Text Pre-processing (Normalization, Clean-up)

Text cleaning and normalization is the process of preparing raw text for down-stream process. Open the following notebook for Turkish text normalization.

preprocess_manifest_file.ipynb

Speech Data Augmentation

Also, you can use my repository speech-data-augmentation to increase the diversity of your dataset augmenting the data artificially for ASR models training.

Sub-word Encoding CTC Model

A sub-encoding model accepts a sub-word tokenized text corpus and emits sub-word tokens in its decoding step. This repository will detail how we prepare a CTC model which utilizes a sub-word Encoding scheme. We will utilize a pre-trained Citrinet model trained on roughly 7,000 hours of English speech as the base model. We will modify the decoder layer (thereby changing the model's vocabulary) for training.

The necessity of subword tokenization

Subword tokenization is a solution between word and character-based tokenization. The main idea is to solve the issues faced by word-based tokenization (very large vocabulary size, large number of OOV tokens, and different meaning of very similar words) and character-based tokenization (very long sequences and less meaningful individual tokens).

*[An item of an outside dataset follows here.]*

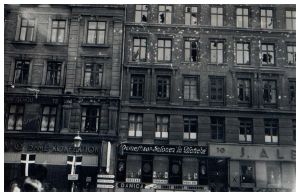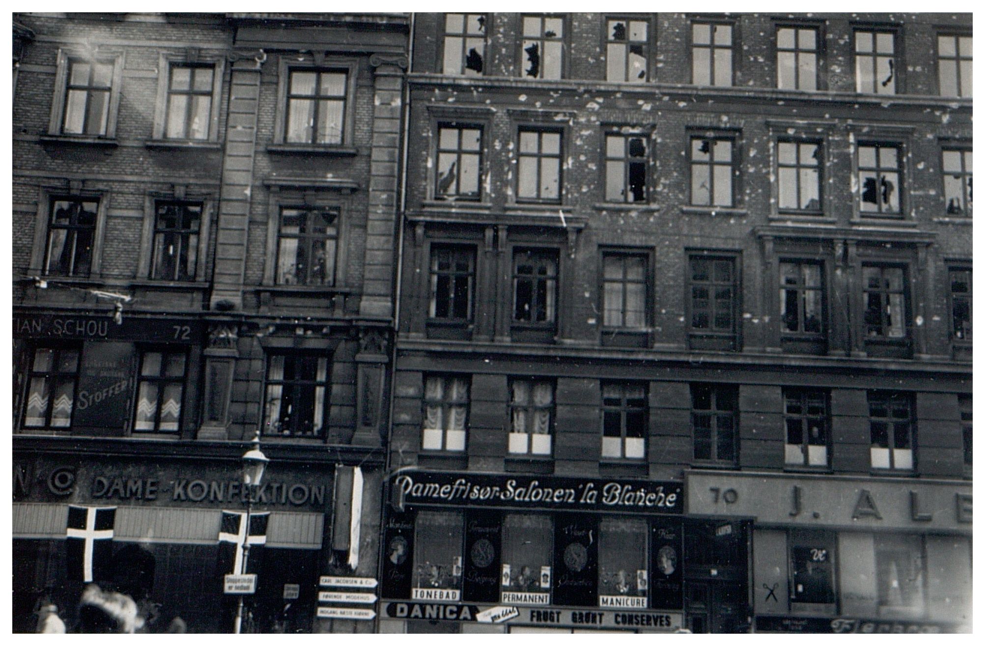 Enkeltfoto fra album med diverse købte serie-fotos fra besættelsen, med udklippede tekster.

As the corpus size increases, the number of unique words increases too and this leads to a larger vocabulary size which causes memory and performance problems during processing.

Subword tokenization not only reduces the length of the tokenized representation (thereby making sentences shorter and more manageable for models to learn), but also boosts the accuracy of prediction of correct tokens.

Some of the popular subword tokenization algorithms are WordPiece, Byte-Pair Encoding (BPE), Unigram, and SentencePiece.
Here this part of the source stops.